• Provided material
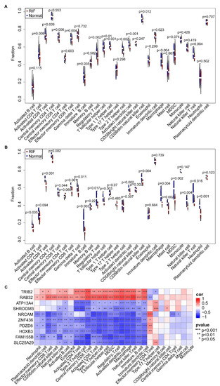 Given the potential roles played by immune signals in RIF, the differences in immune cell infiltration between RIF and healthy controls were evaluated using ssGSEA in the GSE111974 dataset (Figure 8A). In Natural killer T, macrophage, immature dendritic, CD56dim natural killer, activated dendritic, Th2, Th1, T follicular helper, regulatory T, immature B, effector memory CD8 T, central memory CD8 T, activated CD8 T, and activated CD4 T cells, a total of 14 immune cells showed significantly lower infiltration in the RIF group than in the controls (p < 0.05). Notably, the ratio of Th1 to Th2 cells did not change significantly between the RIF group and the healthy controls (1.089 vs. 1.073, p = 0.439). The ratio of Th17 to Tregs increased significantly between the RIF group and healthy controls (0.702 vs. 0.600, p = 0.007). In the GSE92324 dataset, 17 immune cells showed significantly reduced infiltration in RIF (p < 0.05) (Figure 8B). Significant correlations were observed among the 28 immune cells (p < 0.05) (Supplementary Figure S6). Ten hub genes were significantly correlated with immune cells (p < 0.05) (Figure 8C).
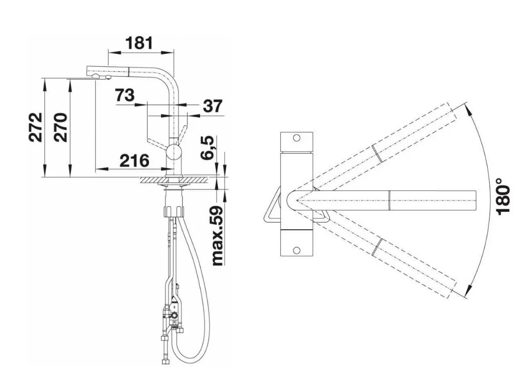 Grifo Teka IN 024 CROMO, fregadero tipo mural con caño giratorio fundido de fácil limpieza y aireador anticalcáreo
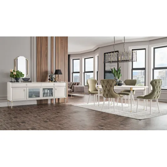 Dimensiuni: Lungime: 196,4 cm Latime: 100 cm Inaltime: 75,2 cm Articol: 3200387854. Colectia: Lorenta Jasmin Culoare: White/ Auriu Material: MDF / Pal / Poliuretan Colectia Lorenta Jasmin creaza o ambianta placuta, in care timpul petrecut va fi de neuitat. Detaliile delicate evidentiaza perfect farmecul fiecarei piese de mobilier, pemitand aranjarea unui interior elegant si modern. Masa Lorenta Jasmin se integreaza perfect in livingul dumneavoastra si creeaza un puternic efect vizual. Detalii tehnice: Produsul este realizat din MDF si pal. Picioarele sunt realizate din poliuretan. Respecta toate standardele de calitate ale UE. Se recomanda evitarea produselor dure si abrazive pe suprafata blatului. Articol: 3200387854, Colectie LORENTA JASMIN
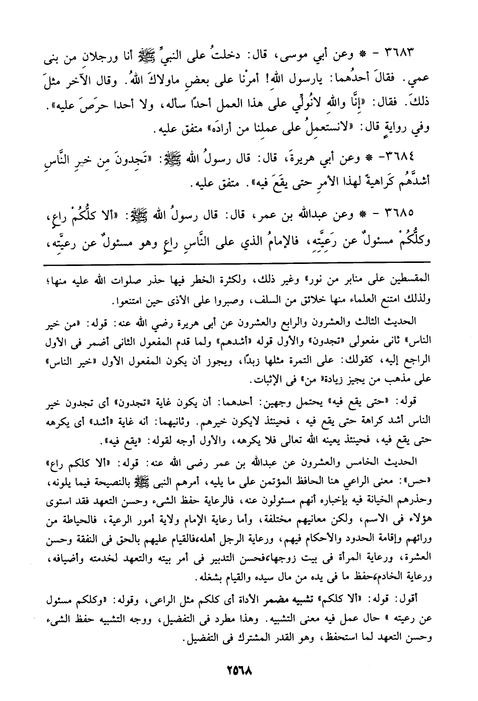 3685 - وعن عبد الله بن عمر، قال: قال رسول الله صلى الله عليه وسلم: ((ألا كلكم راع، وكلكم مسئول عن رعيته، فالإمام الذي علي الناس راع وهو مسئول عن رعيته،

• Aim of the exercise
Restate the listing word for word and drop the pictures.

• Answer to the exercise
 Given the potential roles played by immune signals in RIF, the differences in immune cell infiltration between RIF and healthy controls were evaluated using ssGSEA in the GSE111974 dataset (Figure 8A). In Natural killer T, macrophage, immature dendritic, CD56dim natural killer, activated dendritic, Th2, Th1, T follicular helper, regulatory T, immature B, effector memory CD8 T, central memory CD8 T, activated CD8 T, and activated CD4 T cells, a total of 14 immune cells showed significantly lower infiltration in the RIF group than in the controls (p < 0.05). Notably, the ratio of Th1 to Th2 cells did not change significantly between the RIF group and the healthy controls (1.089 vs. 1.073, p = 0.439). The ratio of Th17 to Tregs increased significantly between the RIF group and healthy controls (0.702 vs. 0.600, p = 0.007). In the GSE92324 dataset, 17 immune cells showed significantly reduced infiltration in RIF (p < 0.05) (Figure 8B). Significant correlations were observed among the 28 immune cells (p < 0.05) (Supplementary Figure S6). Ten hub genes were significantly correlated with immune cells (p < 0.05) (Figure 8C).
 Grifo Teka IN 024 CROMO, fregadero tipo mural con caño giratorio fundido de fácil limpieza y aireador anticalcáreo
 Dimensiuni: Lungime: 196,4 cm Latime: 100 cm Inaltime: 75,2 cm Articol: 3200387854. Colectia: Lorenta Jasmin Culoare: White/ Auriu Material: MDF / Pal / Poliuretan Colectia Lorenta Jasmin creaza o ambianta placuta, in care timpul petrecut va fi de neuitat. Detaliile delicate evidentiaza perfect farmecul fiecarei piese de mobilier, pemitand aranjarea unui interior elegant si modern. Masa Lorenta Jasmin se integreaza perfect in livingul dumneavoastra si creeaza un puternic efect vizual. Detalii tehnice: Produsul este realizat din MDF si pal. Picioarele sunt realizate din poliuretan. Respecta toate standardele de calitate ale UE. Se recomanda evitarea produselor dure si abrazive pe suprafata blatului. Articol: 3200387854, Colectie LORENTA JASMIN
 3685 - وعن عبد الله بن عمر، قال: قال رسول الله صلى الله عليه وسلم: ((ألا كلكم راع، وكلكم مسئول عن رعيته، فالإمام الذي علي الناس راع وهو مسئول عن رعيته،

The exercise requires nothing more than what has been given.